On 19 March 2010 at 1:21 pm Lex said:
This is yet another bogus attempt by the Govt to claw in some of the votes from the left to stay in power. Consider how many rentals those in power own and how much they would lose. When push comes to shove, I think the Govt will bail and the change will either not happen or it will be so small that it won't be of real concern to us. If there is a reduction in my investments due to Govt decree, I will do as most Landlords and increase rents to cover the loss.
On 20 March 2010 at 5:48 pm Chris said:
> increase rents to cover the loss.
Rubbish. Landlords charge as much rent as they can, ie as much as the market will bear. It is not as if they aim for whatever return figure and are content to just charge a rent that is enough to yield that.
On the other hand, fewer investors means fewer rentals, but also less pressure on house prices thanks to fewer buyers.
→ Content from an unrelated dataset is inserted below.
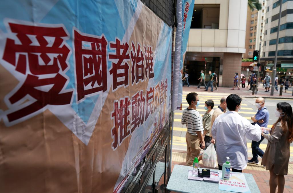 2021年9月21日,香港街头举办“落实爱国者治港 推动良政善治”街站宣传活动。 新华社记者 李钢 摄

If rents were to go up and houses prices to go down, guess what woud happen?
Longer term, I tend to agree with Sean though, net migration vs building will dictate the prices more than anything else.
One thing that propery investment has and stocks or other investments don't have is that you can invest the bank's money. For all the banks' talk about shares being great in the long run, they will not lend you a cent against them. If the banks don't believe in the shares they sell, why should we?
That is *the* reason property investment is popular, not supposed tax advantages or other voodoo reasons.
On 22 March 2010 at 1:52 pm John - Cambridge said:
I own a large number of residential rental properties as well as some commercial. I also develop property, some of sale and some to keep. The tax changes don't concern me at all. If one invests for the long term the cash flow effects of possible tax changes and negligible. If some investors sell their investment properties and less investors get into the market there will be a shortage of rentals and rents will go up, economics 101. Once again its the little guys, the people who haven't bought their first home or investment property who are going to pay the price.
On 24 March 2010 at 2:22 pm Mark said:
"Landlords charge as much rent as they can" - they are actually limited to what they can charge because if it is deemed to be over "fair market rate" by the tenacy tribunal they have the power to reduce it.

"One thing that propery investment has and stocks or other investments don't have is that you can invest the bank's money. For all the banks' talk about shares being great in the long run, they will not lend you a cent against them." It's called margin lending and is a relativly common product from banks. They won't do it for complete share newbies and you do have to put up a min of 20% up and prove you can pay if you loose the lot, they won't do it on all shares but you can still do it.